State Rep. Eugene DePasquale said the latest state revenue figures confirm more money is available though tax revenue that can help offset proposed cuts in next year's budget put forth by Gov. Tom Corbett.
The latest budget proposal by the Senate backs that up. About $100 million of funding would be restored for public schools, with half of that
going to fund full-day kindergarten through the Accountability Block Grant that Corbett cut.
"The ABG has got to be a priority," DePasquale said of the grants.
York City schools' latest budget proposal to eliminate their $19 million deficit includes eliminating kindergarten altogether, as it is not a state-mandated program.
City school officials said they are hoping some grant funding comes through that allows them to at least put half-day kindergarten back in; they have full-day now.
Losing kindergarten "would be a human tragedy," DePasquale said.
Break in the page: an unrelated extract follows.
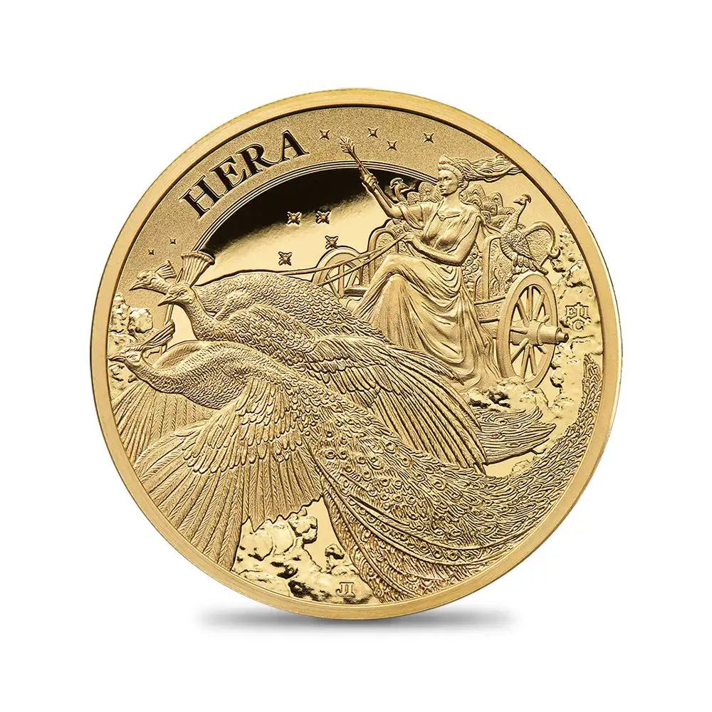 南大西洋に浮かぶ絶海の孤島セントヘレナは、これまで英領国家として、英国本国に先駆けて数多くの魅力的な記念コインとコインシリーズを発表し続けてきました。それらの中でも近年最も大きな成功を収めたのが、ギリシャ神話に登場する女神たちにスポットを当て、コインデザインとして紹介する「女神シリーズ」です。今回は、ギリシャ神話の最高神ゼウスの妻にして最高位の女神であるヘラを取り挙げます。古代ギリシャ語で貴婦人や女主人を意味する名を持つヘラは、結婚と母性、貞節を司る女神として知られており、これまでにも「結婚の」「縁結びの」等、数々の形容詞を伴って世界に紹介されてきました。ギリシャ神話おいてオリュンポス山の山頂に住まうと伝えられる「オリュンポス十二神」の一柱に数えられるヘラは一般的に「神々の女王」として認知されており、威厳を湛えた天界の女主人として絶大な権力を握るとされ、常に権威の象徴としての宝冠と王笏を携えています。また聖鳥は孔雀、郭公、鶴であり、聖獣は牝牛とされています。加えて、百合、ザクロ、リンゴ、松明等を象徴とし、ローマ神話界においてはユーノー(ジュノー)と呼ばれていることから6月の象徴とされています。この故事から、6月はヘラに因んで結婚に最も適した季節とされ、「ジューン・ブライド=6月の花嫁」なる語が派生したと伝えられています。結婚を司る女神であることから一見平和主義を掲げているように思われるヘラですが、実は嫉妬の女神としての顔をも持ち合わせており、浮気性の夫ゼウスの浮気相手の女神達やその子供たちに対しては徹底して復讐する嫉妬の女神としても名を馳せています。ヘラの母乳は飲んだ者の肉体を不死身に変える力があると信じられており、ヘラクレスも幼児期にこれを飲んだために驚異的な怪力を発揮したと言われています。その時に母乳を吸う力があまりにも強かったため、ヘラはヘラクレスを突き飛ばし、その際に飛び散ったヘラの母乳が天の川になったとの伝承が残っています。ヘラクレスはヘラの子では無かったものの、この故事にちなんで「ヘラの栄光」を意味する「ヘラクレス」の名を与えられました。人間に置き換えることも可能な程に生命力溢れる神々たちが登場するギリシャ神話の世界ですが、とりわけそこに登場する女神たちのみに焦点を当てる当コインシリーズは、「神々の世界に女あり」の感を抱かせるほどに劇的で奥の深い世界感をコイン上にて視覚化する意欲的なコインシリーズであることは間違いありません。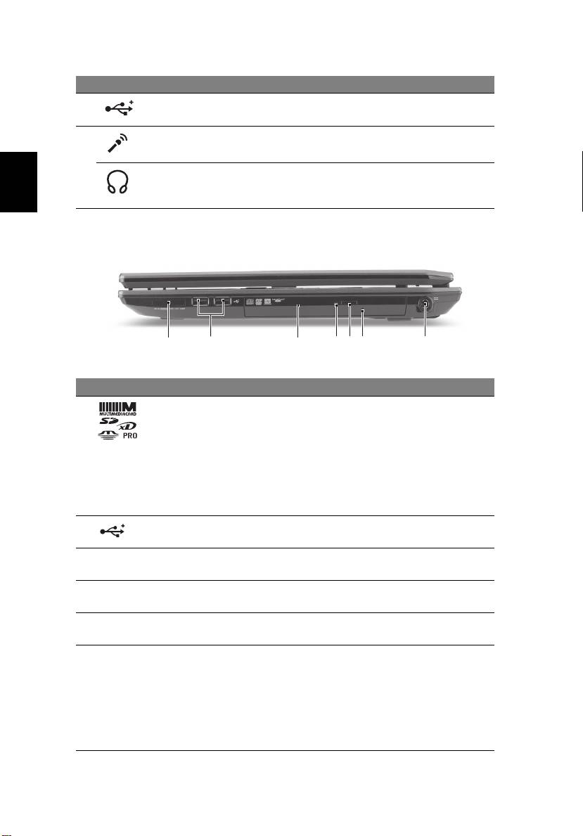 6 Porta USB 2.0 Effettua il collegamento ai dispositivi

Another $50 million in the Senate budget proposal would go to distressed schools, which could theoretically include York City.
The Senate version of the budget is "more reflective of needs, especially for early childhood education," DePasquale said.
But that's still just a list of possibilities, as the budget has a long way to go before passage.
If lawmakers and Corbett decide to funnel the additional revenue elsewhere, York City will have no other options, DePasquale said.
"If they don't have the money, they can't just go on and spend it," he said. "The state is either going to put the money in or it's not."